“覃峤烟。”老人开口了,北江口音,尾调微微上扬。
“我是覃正东,你的外公。”
覃峤烟靠在椅背里看着他,没有站起来,只是点了点头“我知道,坐下说吧!”
覃正东在她对面坐下来,手放在膝盖上,他坐得很直,腰背挺着,很有气势。
两人之间隔着一张宽大的办公桌,桌面上摊着报表和文件夹,白瓷瓶里的黄色香雪兰在中央空调的气流里微微颤了一下。

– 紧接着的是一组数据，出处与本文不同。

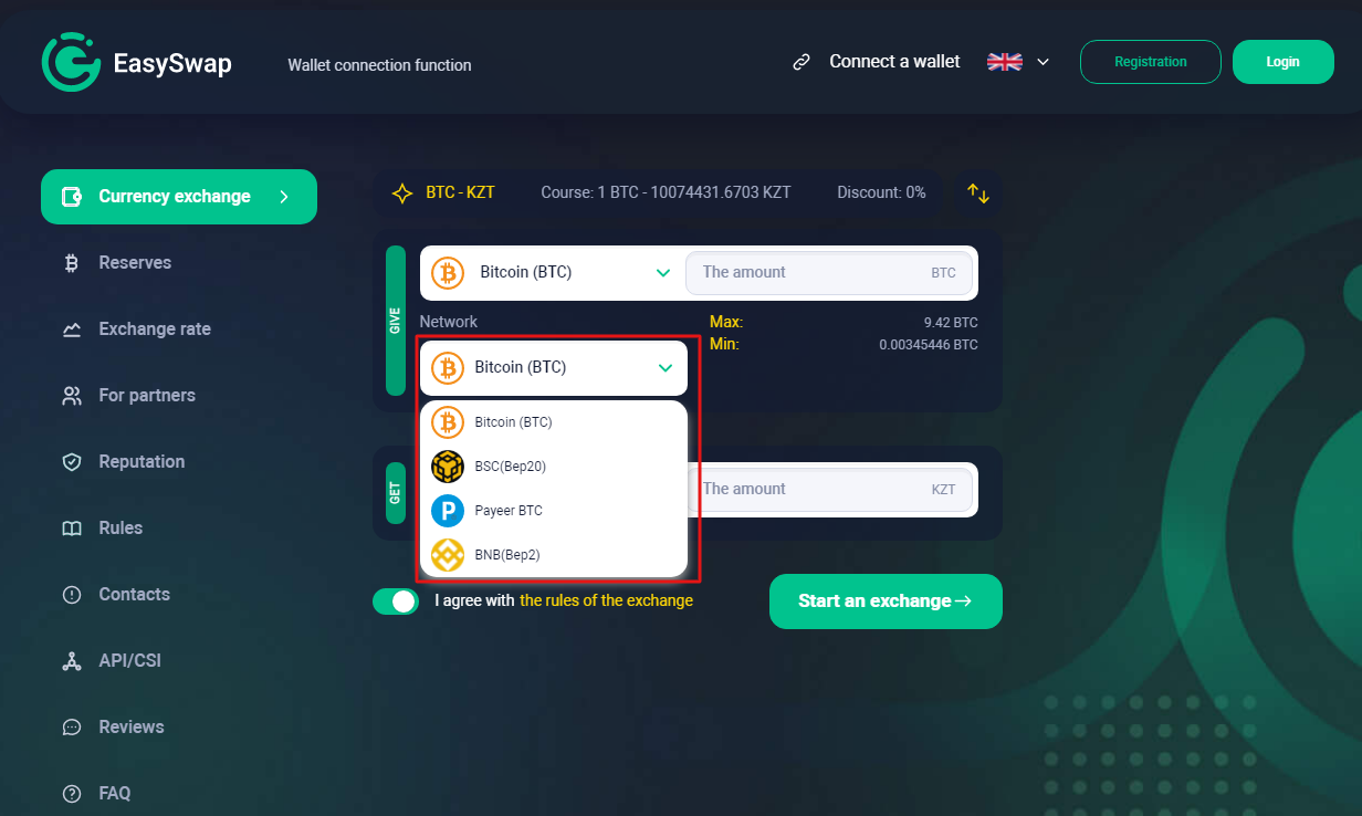 Click "Start exchange", which will mean your agreement with the exchange rules. Please familiarize yourself with them in advance;
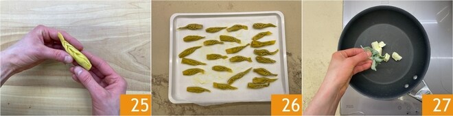 Agora feche o tortelli apertando a massa no centro e movendo-se gradualmente para o exterior 25. O movimento é semelhante ao fechamento dos culurgiones. Continue desta forma até terminar a massa e o recheio 26; você obterá cerca de 40-45 peças. Coloque uma panela cheia de água salgada no fogo. Enquanto isso, em uma frigideira, coloque a manteiga e a sálvia 27. Ligue o fogo e deixe aromatizar.
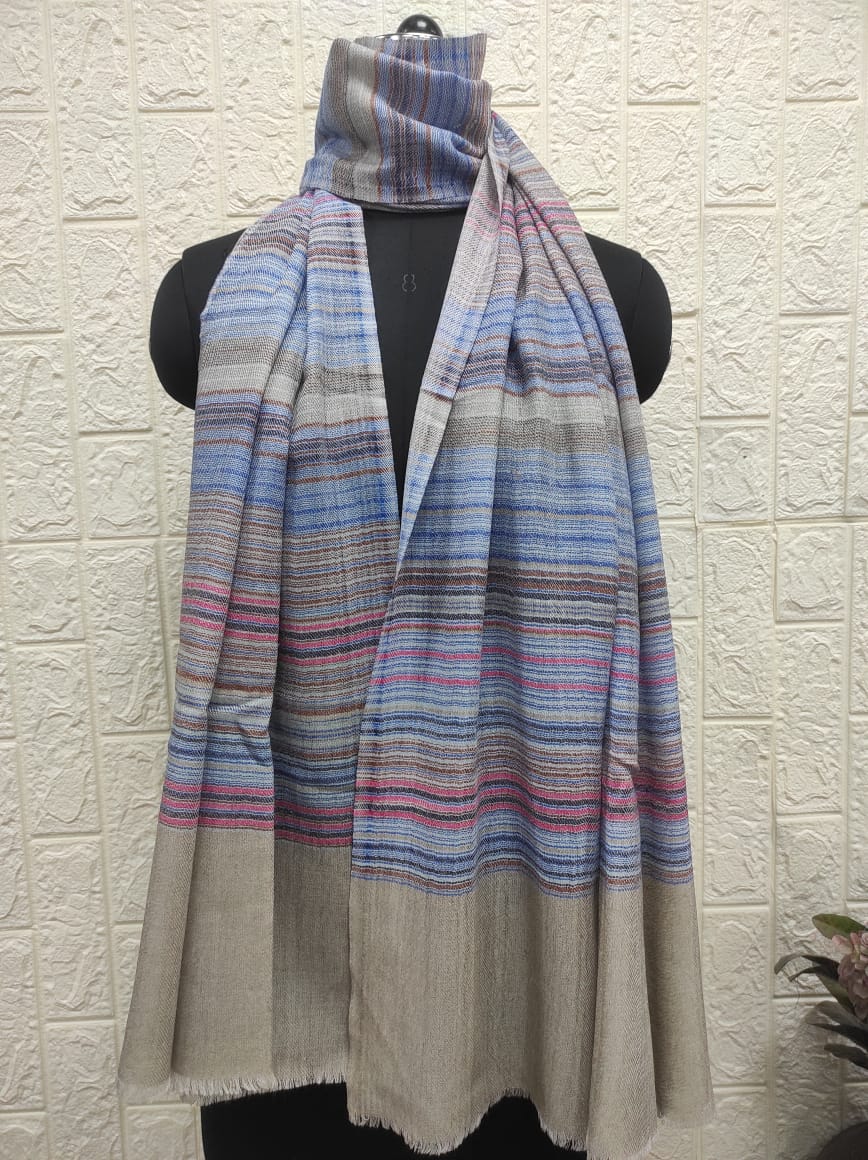 Wrap yourself in luxury with the Sky Beige Wool 7 Stripe Pashmina Shawls for Women from Savita Shawls. Expertly woven with intricate craftsmanship, these pashmina shawls showcase a harmonious blend of soft beige and serene sky-blue tones highlighted with subtle pink, brown, and purple stripes. The elegant gradient adds a sophisticated charm to every outfit.
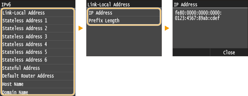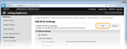 | Link-local address | 1 | An address that is only valid within a subnet or link and cannot be used to communicate with devices beyond a router. A link-local address is automatically set when the IPv6 function of the machine is enabled. |
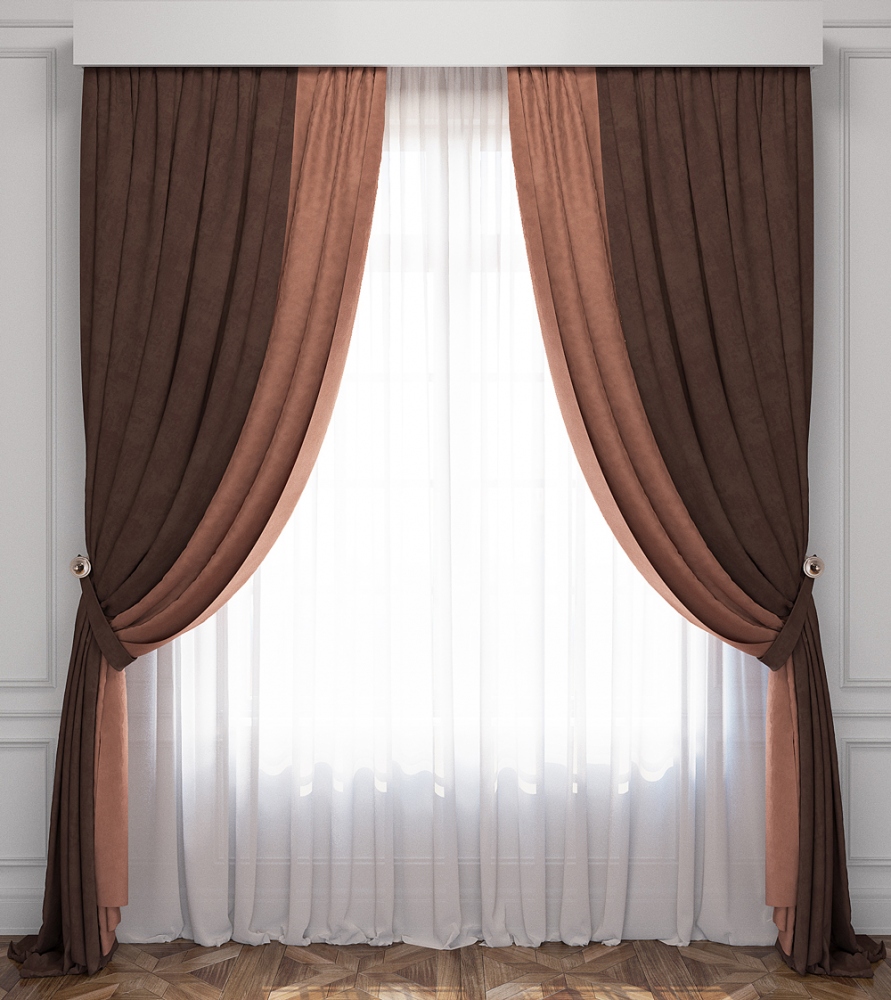 Бархат и атласные материалы ни в коем случае не следует сочетать с грубыми льняными полотнами и другими тканями, которые имеют грубую текстуру. Тонкие тюли из шифона и аналогичных материалов необходимо дополнять более тяжёлыми и плотными шторами, сделанными из тафты или сатина. В этом случае не стоит приобретать и льняные модели, они будут смотреться негармонично с шифоном.
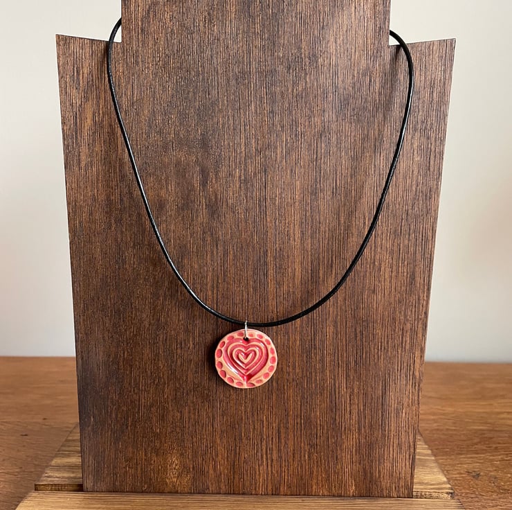 This handmade ceramic round pendant is embossed with hearts has been handcrafted and hand-painted with a red glaze; finished with a clear glass sheen.

“我来找你,是因为覃家需要你。”覃正东没有兜圈子,“你妈妈离家之后,覃氏集团就剩我一个人在撑。我年纪大了,这两年身体越来越差,已经管不动了。”
“你是覃家唯一的血脉,你回来,覃氏给你。”
覃峤烟听完没有立刻回答。
她伸手拿了桌上的细黑烟盒,抽出一根叼在唇间,打火机“咔”一声点着了。
她吸了一口,烟雾从嘴角漏出来,在两人之间漫开一层薄薄的白色。
“你知道我在美国做什么吗?”
“我知道一部分,你是凯恩·麦克唐纳的女儿。”覃正东说“凯恩·麦克唐纳”这五个字的时候咬字有些重,“你父亲的名声,我在北江也听过一些。”
“那你就不怕我回去把覃氏改姓了麦克唐纳?”
覃正东看了她几秒。
他忽然笑了一下,脸上的皱纹挤成更深的沟壑“覃氏改不改姓,反正都是你覃峤烟的。我活不了几年了,你要改就改。”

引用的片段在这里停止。